== Segment start ==
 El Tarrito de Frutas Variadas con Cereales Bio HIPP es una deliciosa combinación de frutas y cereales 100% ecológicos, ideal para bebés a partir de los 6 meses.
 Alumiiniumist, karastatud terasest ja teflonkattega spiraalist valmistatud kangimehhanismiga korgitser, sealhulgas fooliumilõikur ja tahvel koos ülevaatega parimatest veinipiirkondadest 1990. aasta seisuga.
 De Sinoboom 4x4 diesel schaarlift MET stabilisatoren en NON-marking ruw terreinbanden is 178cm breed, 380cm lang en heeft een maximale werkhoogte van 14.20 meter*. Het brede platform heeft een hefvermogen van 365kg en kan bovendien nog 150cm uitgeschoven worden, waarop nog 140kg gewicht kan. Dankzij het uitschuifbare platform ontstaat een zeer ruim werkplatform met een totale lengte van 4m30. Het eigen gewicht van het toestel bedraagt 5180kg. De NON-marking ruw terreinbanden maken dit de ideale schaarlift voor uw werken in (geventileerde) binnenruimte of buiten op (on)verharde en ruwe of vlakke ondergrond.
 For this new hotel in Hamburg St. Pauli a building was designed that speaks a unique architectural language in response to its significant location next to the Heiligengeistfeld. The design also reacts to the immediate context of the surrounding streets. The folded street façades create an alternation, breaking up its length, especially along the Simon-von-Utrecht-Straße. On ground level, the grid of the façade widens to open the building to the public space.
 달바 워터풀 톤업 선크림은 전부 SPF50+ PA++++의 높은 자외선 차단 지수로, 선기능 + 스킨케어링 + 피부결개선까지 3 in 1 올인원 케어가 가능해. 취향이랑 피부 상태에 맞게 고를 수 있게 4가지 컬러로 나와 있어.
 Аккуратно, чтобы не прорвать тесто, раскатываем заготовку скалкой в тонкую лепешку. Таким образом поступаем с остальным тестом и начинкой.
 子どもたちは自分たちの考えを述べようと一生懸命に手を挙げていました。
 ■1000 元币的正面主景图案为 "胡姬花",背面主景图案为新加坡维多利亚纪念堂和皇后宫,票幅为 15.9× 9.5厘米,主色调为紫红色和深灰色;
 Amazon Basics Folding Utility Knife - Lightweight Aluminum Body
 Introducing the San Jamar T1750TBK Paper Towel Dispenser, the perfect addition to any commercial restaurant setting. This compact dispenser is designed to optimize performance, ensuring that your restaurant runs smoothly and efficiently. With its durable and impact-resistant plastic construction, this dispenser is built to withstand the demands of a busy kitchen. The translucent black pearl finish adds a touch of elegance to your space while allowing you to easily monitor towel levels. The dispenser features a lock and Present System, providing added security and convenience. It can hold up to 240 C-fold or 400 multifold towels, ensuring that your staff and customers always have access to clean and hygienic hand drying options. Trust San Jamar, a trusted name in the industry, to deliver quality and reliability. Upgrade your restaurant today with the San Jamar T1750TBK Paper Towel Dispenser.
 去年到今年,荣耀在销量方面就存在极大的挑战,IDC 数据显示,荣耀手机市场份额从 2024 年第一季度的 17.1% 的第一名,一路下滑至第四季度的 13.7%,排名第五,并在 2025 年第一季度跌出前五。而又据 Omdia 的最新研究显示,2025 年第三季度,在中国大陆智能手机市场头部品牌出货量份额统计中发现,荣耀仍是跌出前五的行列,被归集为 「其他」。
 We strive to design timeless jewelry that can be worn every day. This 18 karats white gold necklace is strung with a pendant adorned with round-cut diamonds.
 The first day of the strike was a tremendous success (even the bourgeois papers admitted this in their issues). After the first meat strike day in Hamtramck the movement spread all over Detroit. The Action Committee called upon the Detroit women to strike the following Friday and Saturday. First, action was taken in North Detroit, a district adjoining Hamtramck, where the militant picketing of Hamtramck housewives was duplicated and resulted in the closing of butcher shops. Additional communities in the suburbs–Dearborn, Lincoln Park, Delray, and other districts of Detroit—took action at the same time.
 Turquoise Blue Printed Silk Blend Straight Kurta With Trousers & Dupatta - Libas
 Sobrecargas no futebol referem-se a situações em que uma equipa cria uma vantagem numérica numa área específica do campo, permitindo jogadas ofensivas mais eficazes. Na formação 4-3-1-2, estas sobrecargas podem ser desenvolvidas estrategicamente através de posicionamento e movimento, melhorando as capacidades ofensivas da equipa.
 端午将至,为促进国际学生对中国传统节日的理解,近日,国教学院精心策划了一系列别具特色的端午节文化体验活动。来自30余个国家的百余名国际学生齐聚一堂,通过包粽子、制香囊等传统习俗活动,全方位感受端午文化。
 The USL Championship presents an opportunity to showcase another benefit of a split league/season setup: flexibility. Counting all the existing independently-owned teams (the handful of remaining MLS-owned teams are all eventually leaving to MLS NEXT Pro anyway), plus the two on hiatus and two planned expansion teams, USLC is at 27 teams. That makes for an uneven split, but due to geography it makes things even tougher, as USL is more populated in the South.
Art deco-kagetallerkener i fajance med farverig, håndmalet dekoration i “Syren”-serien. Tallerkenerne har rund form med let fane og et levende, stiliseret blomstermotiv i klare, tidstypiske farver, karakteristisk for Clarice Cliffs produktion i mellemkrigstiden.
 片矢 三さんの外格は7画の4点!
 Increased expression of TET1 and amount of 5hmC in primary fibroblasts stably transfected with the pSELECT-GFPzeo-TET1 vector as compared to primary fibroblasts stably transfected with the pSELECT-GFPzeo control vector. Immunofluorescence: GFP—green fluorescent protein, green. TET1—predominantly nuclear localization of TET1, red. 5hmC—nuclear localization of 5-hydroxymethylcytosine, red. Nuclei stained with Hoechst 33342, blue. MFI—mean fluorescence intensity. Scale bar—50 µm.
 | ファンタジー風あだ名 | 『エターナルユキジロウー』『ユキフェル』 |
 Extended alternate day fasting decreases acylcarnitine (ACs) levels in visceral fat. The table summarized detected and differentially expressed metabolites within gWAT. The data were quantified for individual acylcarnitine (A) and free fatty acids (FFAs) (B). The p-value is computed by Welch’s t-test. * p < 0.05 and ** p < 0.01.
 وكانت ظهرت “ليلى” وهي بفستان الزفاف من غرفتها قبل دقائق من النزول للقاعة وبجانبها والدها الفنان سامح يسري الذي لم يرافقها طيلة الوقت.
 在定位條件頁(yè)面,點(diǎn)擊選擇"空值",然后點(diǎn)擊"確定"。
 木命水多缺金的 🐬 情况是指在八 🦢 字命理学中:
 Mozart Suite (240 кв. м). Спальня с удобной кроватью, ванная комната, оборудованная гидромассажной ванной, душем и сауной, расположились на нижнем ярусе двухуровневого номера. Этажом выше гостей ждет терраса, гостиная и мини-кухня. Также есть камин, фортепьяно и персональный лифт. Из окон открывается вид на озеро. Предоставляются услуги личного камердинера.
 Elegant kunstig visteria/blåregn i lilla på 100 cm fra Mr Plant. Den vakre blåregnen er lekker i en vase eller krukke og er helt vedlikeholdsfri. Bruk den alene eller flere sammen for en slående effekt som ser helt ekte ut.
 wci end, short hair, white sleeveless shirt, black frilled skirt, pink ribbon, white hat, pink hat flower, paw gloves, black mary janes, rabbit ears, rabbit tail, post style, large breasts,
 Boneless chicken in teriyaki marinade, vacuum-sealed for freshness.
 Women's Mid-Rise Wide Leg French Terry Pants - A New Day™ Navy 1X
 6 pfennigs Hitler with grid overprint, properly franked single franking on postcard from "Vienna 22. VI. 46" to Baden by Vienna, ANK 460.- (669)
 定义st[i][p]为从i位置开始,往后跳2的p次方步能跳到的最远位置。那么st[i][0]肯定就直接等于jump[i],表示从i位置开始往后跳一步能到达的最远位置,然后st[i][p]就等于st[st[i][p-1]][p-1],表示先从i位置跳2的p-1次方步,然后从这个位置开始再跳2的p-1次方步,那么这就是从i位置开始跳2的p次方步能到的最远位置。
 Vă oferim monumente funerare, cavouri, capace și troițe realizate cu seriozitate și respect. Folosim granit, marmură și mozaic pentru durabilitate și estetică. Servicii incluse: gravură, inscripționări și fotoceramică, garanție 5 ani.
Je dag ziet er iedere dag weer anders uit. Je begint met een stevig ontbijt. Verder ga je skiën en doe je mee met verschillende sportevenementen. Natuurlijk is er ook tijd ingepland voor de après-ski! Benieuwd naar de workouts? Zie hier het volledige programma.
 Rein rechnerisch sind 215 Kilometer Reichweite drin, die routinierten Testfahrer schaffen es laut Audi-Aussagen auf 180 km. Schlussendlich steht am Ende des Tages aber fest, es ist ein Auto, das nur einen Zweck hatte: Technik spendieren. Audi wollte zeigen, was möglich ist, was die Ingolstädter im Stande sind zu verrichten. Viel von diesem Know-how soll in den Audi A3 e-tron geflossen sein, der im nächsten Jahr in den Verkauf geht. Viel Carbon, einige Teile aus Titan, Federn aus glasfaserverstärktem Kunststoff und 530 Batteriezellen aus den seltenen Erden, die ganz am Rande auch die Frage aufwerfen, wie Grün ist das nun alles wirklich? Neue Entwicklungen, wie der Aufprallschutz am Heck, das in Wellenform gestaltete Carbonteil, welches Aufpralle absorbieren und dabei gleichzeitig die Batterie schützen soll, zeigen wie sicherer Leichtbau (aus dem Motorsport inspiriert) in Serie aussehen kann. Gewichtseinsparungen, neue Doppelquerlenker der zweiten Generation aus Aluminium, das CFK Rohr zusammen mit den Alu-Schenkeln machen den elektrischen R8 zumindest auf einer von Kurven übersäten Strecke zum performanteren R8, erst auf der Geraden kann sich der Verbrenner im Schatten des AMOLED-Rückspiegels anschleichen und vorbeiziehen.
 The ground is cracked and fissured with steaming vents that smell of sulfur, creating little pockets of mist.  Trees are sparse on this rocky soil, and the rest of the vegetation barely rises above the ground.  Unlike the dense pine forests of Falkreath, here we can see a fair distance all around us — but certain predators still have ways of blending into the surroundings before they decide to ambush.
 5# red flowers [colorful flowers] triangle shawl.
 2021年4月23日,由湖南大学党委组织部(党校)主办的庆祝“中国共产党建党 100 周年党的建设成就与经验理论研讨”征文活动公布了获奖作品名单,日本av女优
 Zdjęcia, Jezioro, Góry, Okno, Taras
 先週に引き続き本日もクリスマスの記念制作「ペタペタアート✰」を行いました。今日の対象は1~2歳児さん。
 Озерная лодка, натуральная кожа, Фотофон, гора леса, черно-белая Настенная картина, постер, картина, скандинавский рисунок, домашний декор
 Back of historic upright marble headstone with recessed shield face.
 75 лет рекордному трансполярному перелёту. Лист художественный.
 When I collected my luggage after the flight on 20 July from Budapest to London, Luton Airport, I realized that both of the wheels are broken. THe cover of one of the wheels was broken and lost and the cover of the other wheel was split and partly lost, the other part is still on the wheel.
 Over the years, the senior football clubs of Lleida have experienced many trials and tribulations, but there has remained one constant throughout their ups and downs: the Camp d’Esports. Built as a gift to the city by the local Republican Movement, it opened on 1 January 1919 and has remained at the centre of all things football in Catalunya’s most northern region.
== Segment end ==
**PROBLEM DESCRIPTION:** From the material above, set down exactly the lines starting at the one with "Introducing the San" and ending at the one with "去年到今年,荣耀在销量方面就存在极大的挑战,IDC 数据显示,荣耀手机市场份额从 2024", end lines included.

**RESULT OF THE EXERCISE:**
 Introducing the San Jamar T1750TBK Paper Towel Dispenser, the perfect addition to any commercial restaurant setting. This compact dispenser is designed to optimize performance, ensuring that your restaurant runs smoothly and efficiently. With its durable and impact-resistant plastic construction, this dispenser is built to withstand the demands of a busy kitchen. The translucent black pearl finish adds a touch of elegance to your space while allowing you to easily monitor towel levels. The dispenser features a lock and Present System, providing added security and convenience. It can hold up to 240 C-fold or 400 multifold towels, ensuring that your staff and customers always have access to clean and hygienic hand drying options. Trust San Jamar, a trusted name in the industry, to deliver quality and reliability. Upgrade your restaurant today with the San Jamar T1750TBK Paper Towel Dispenser.
 去年到今年,荣耀在销量方面就存在极大的挑战,IDC 数据显示,荣耀手机市场份额从 2024 年第一季度的 17.1% 的第一名,一路下滑至第四季度的 13.7%,排名第五,并在 2025 年第一季度跌出前五。而又据 Omdia 的最新研究显示,2025 年第三季度,在中国大陆智能手机市场头部品牌出货量份额统计中发现,荣耀仍是跌出前五的行列,被归集为 「其他」。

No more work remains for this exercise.